Below are the entries to work from; restate word for word the portion that opens with the line containing "The dry season" and closes with the line containing "Ružový pletený sveter HELIX", keeping both.

──────── RECORDS FOR THIS TASK ────────

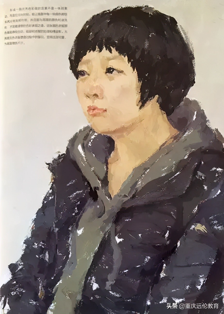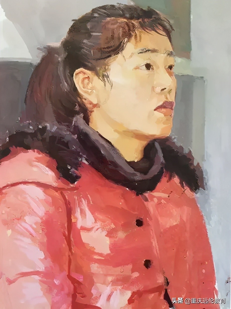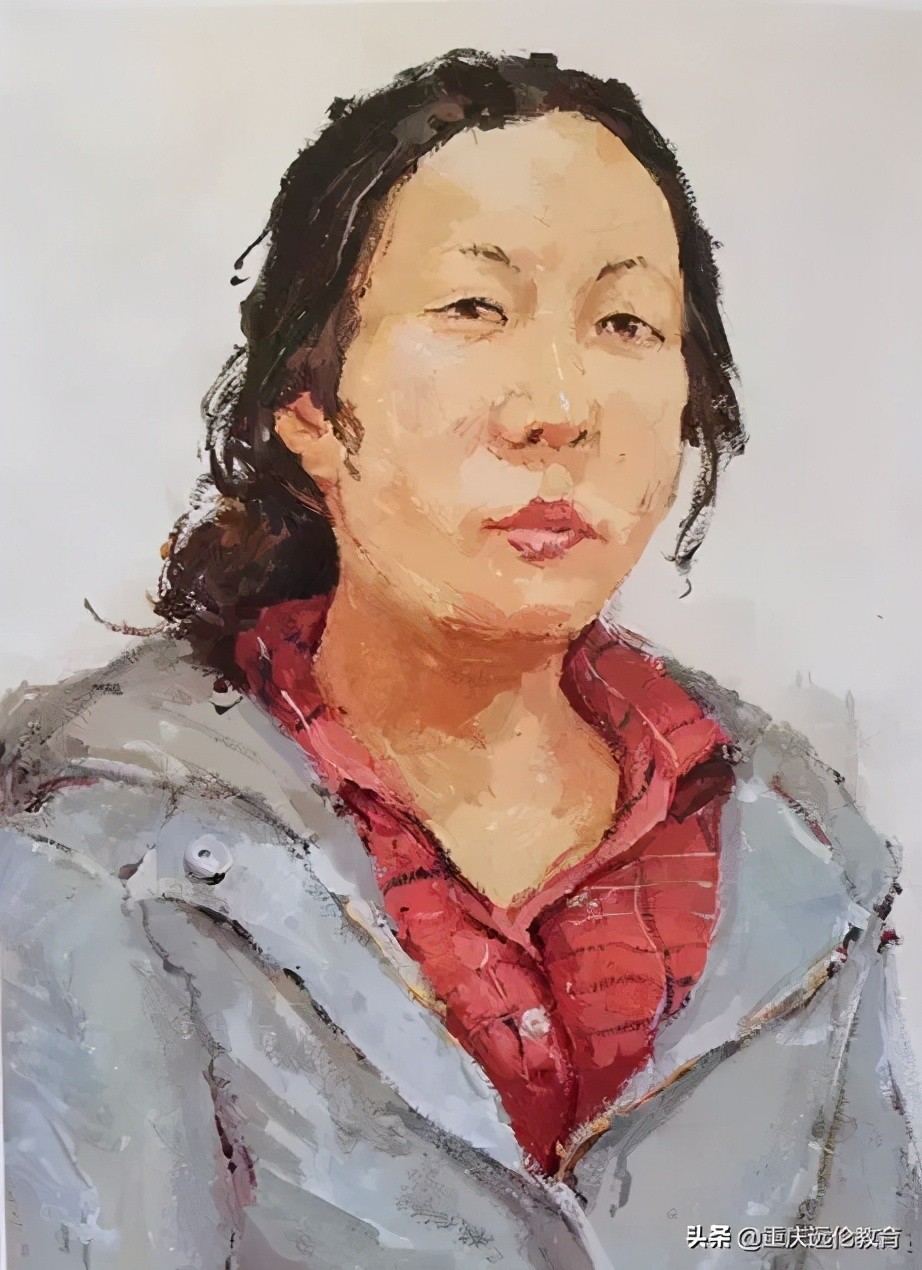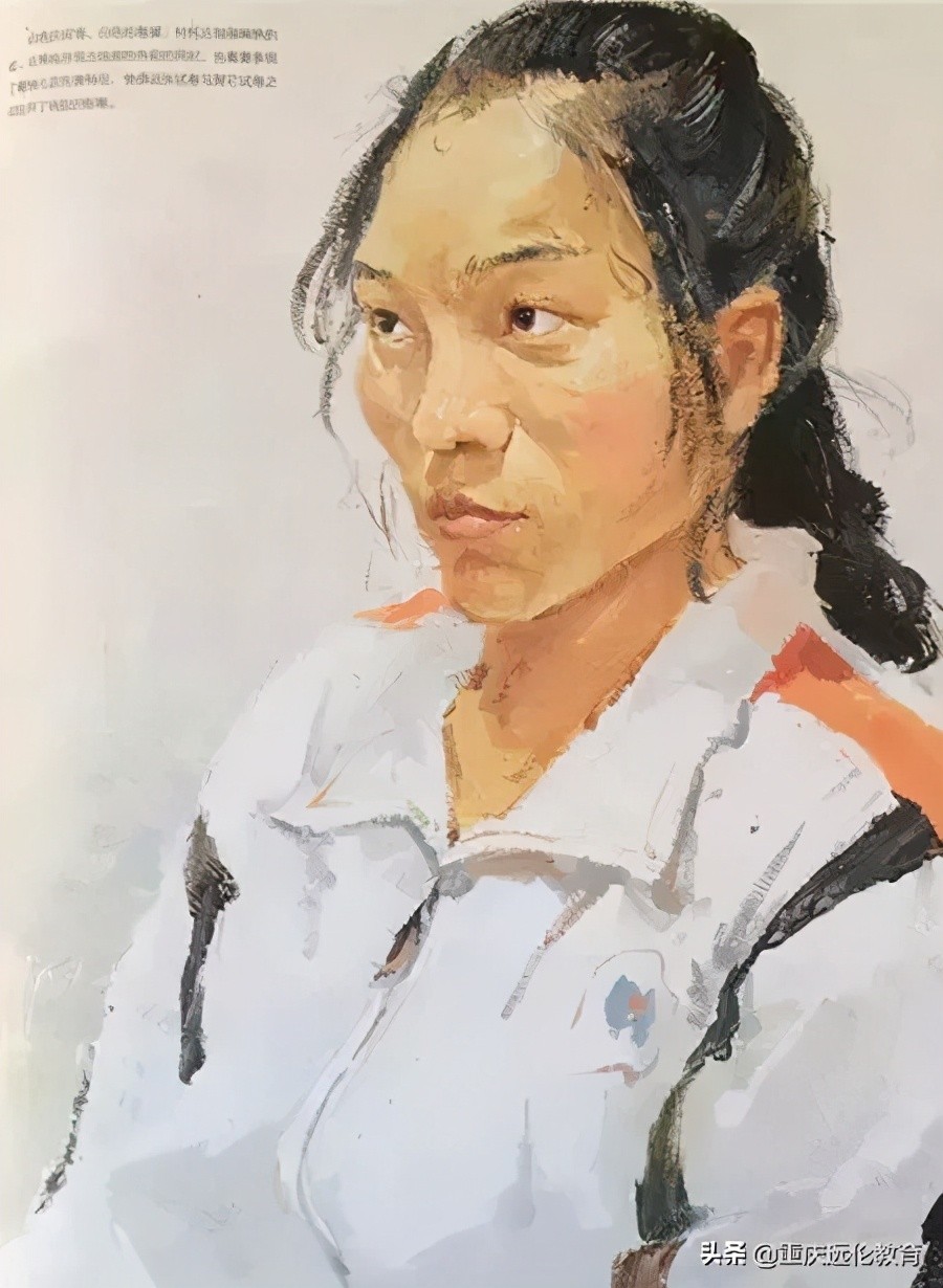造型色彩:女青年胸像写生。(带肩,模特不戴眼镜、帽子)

────────
──────── RECORDS FOR THIS TASK ────────

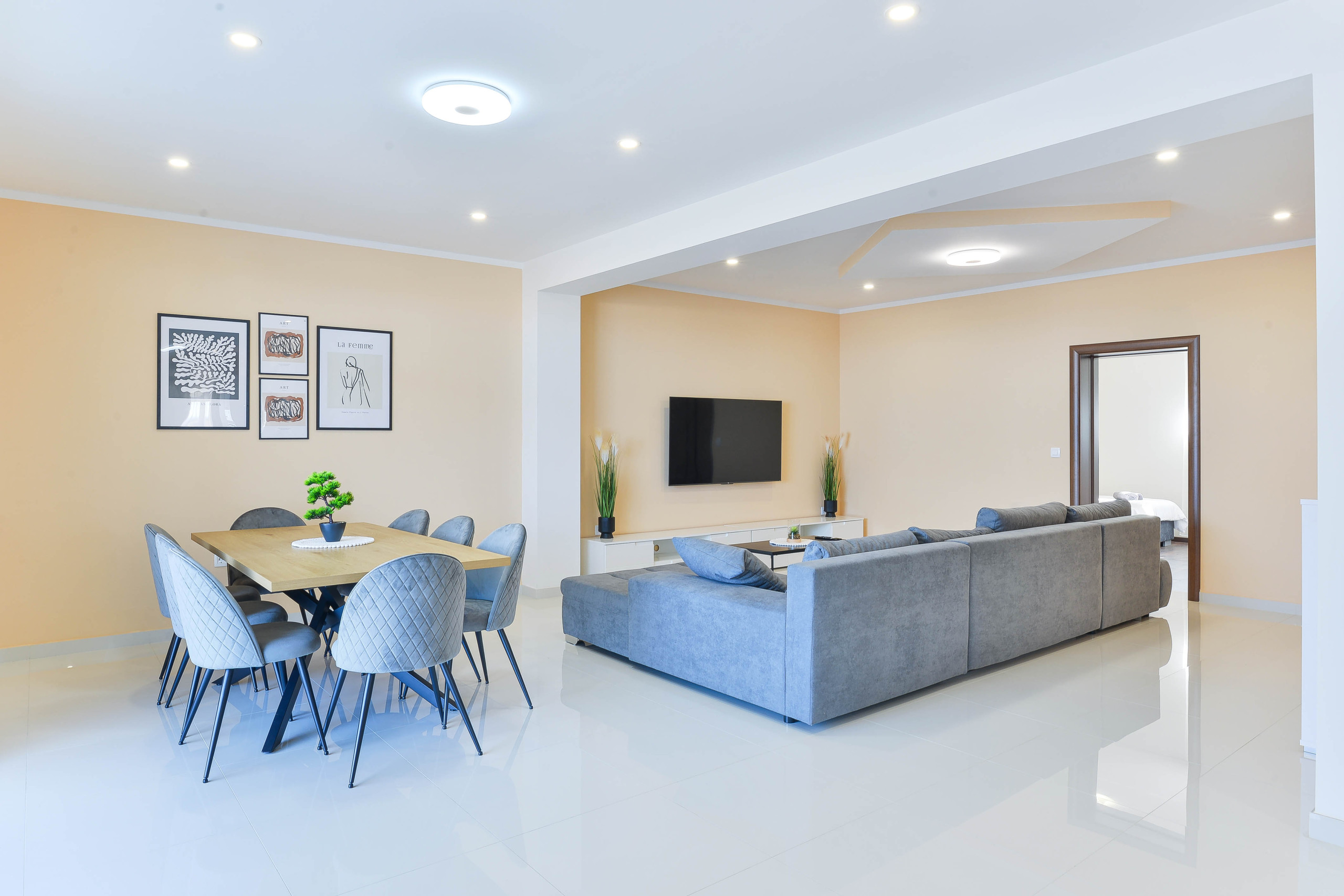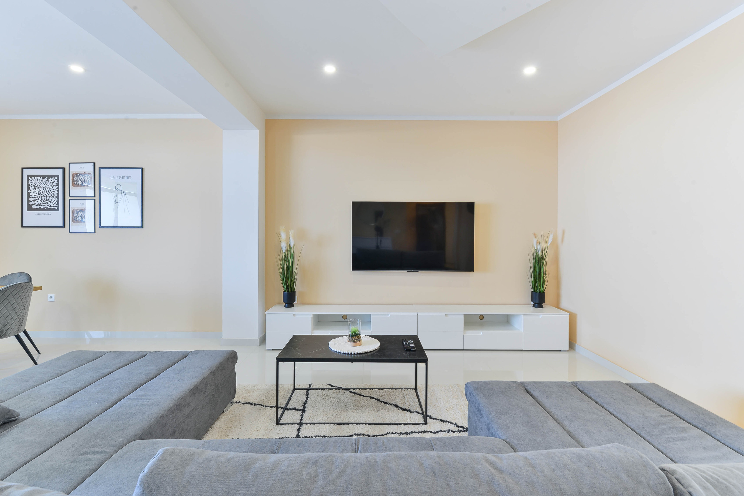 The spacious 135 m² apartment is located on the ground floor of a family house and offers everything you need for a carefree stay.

────────
──────── RECORDS FOR THIS TASK ────────

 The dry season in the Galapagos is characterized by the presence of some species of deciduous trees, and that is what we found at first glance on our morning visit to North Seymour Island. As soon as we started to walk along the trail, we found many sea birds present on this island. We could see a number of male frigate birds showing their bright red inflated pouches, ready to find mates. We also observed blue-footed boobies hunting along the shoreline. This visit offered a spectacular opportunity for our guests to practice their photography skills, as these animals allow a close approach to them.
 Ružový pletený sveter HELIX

────────

#### SOLUTION:
 The dry season in the Galapagos is characterized by the presence of some species of deciduous trees, and that is what we found at first glance on our morning visit to North Seymour Island. As soon as we started to walk along the trail, we found many sea birds present on this island. We could see a number of male frigate birds showing their bright red inflated pouches, ready to find mates. We also observed blue-footed boobies hunting along the shoreline. This visit offered a spectacular opportunity for our guests to practice their photography skills, as these animals allow a close approach to them.
 Ružový pletený sveter HELIX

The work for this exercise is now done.